FK_ID FK_NAME PK_ID BIN_FLAG NEEDED_CALC MONTH YEAR
10000 VARCHAR DESCRIPTION 75057 1 1 1 2016
10000 VARCHAR DESCRIPTION 75057 1 2 2 2016
10000 VARCHAR DESCRIPTION 75057 1 3 3 2016
10000 VARCHAR DESCRIPTION 75057 0 1 4 2016
10000 VARCHAR DESCRIPTION 75057 1 4 5 2016
10000 VARCHAR DESCRIPTION 75057 0 2 6 2016
10000 VARCHAR DESCRIPTION 75057 0 3 7 2016
10000 VARCHAR DESCRIPTION 75057 1 5 8 2016
10000 VARCHAR DESCRIPTION 75057 0 4 9 2016
10000 VARCHAR DESCRIPTION 75057 0 5 10 2016
10000 VARCHAR DESCRIPTION 75057 1 6 11 2016
10000 VARCHAR DESCRIPTION 75057 0 6 12 2016
10000 VARCHAR DESCRIPTION 75057 0 7 1 2017
10000 VARCHAR DESCRIPTION 75057 0 8 2 2017
10000 VARCHAR DESCRIPTION 75057 0 9 3 2017
10000 VARCHAR DESCRIPTION 75057 0 10 4 2017
10000 VARCHAR DESCRIPTION 75057 0 11 5 2017
10000 VARCHAR DESCRIPTION 75057 0 12 6 2017
10000 VARCHAR DESCRIPTION 75057 0 13 7 2017


What I need is the
NEEDED_CALC
column to reset the calc anytime the prior month's
bin_flag
changes.

So, if
bin_flag = 1
and the prior month's
bin_flag
(identified through a
lag
function) is different, then the counter column in
NEEDED_CALC
will reset and begin again at
1
.

Answer

This is a "gaps and islands" problem.
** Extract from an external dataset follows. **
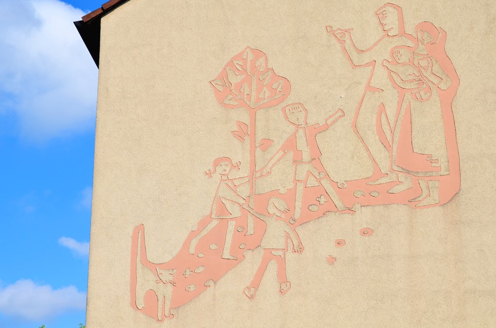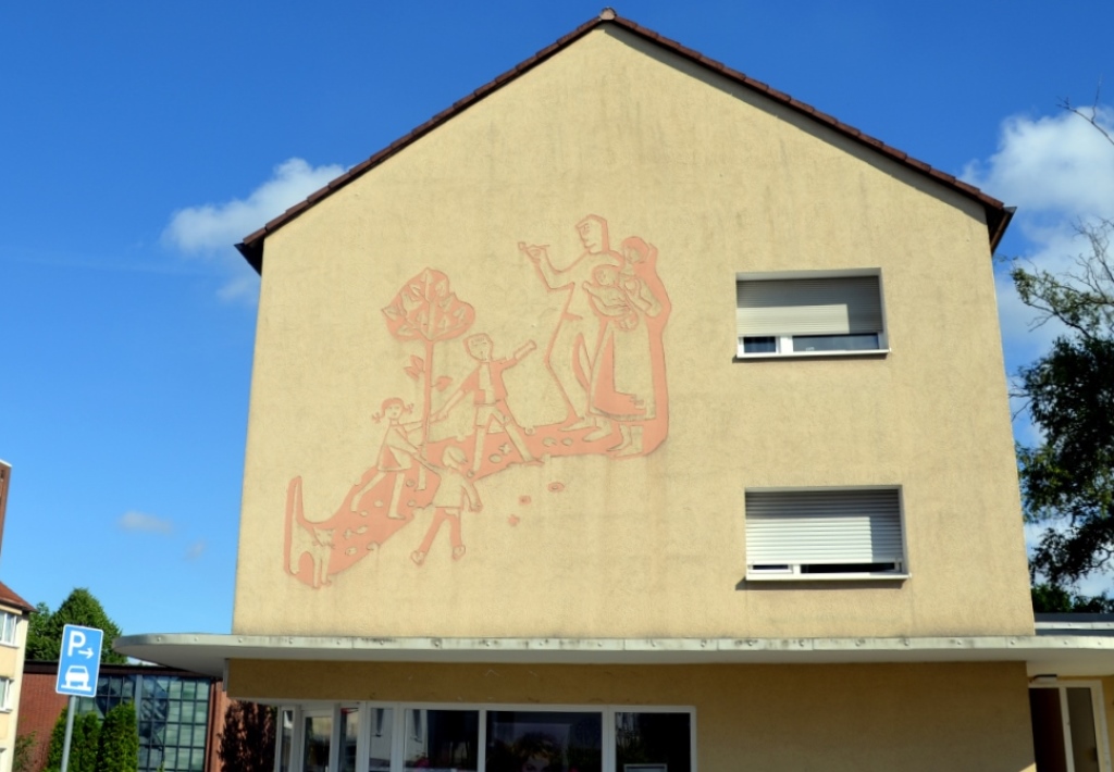 Wer am Haus an der Guntherstraße Ecke Kriemhildenstraße vorbeikommt, sollte unbedingt einen Blick nach oben werfen. Die Fassade ist mit einem ganz besonderen Wandschmuck gestaltet. Eine heitere Szene zeigt Eltern, spielende Kinder und im Vordergrund eine Katze. Sparsam und akzentuiert gemalt, wirkt alles idyllisch und harmonisch. Dieses Gemälde schuf die Künstlerin direkt vor Ort. Wie bei vielen ihrer Werke zeigt sich auch hier ihre besondere Vorliebe für die Motive Kinder und Tiere. Dabei beschränkte sie sich auf klare Formen. Mit wenigen eingesetzten Mitteln erzielte sie eine umso größere Wirkung. Zusätzliche dekorative Elemente findet man bei ihren Arbeiten nicht.

The key is assigning a group identifier to adjacent rows with the same value. There are two easy methods to do this: one is based on lag() and the other is the difference of row_number()s.

The second is a wee bit simpler, only requiring one level of subquery:

select t.*,
       row_number() over (partition by fk_id, bin_flag, seqnum_ym - seqnum_bym
                          order by year, month
                         ) as needed_calc
from (select t.*,
             row_number() over (partition by fk_id order by year, month) as seqnum_ym,
             row_number() over (partition by fk_id order by bin_flag, year, month) as seqnum_bym
      from mytable t
     ) t;

The difference of row numbers is not hard to understand but it does require a conceptual leap. I would suggest that you run the subquery and see what the values are for seqnum_ym and seqnum_bym to understand how it works.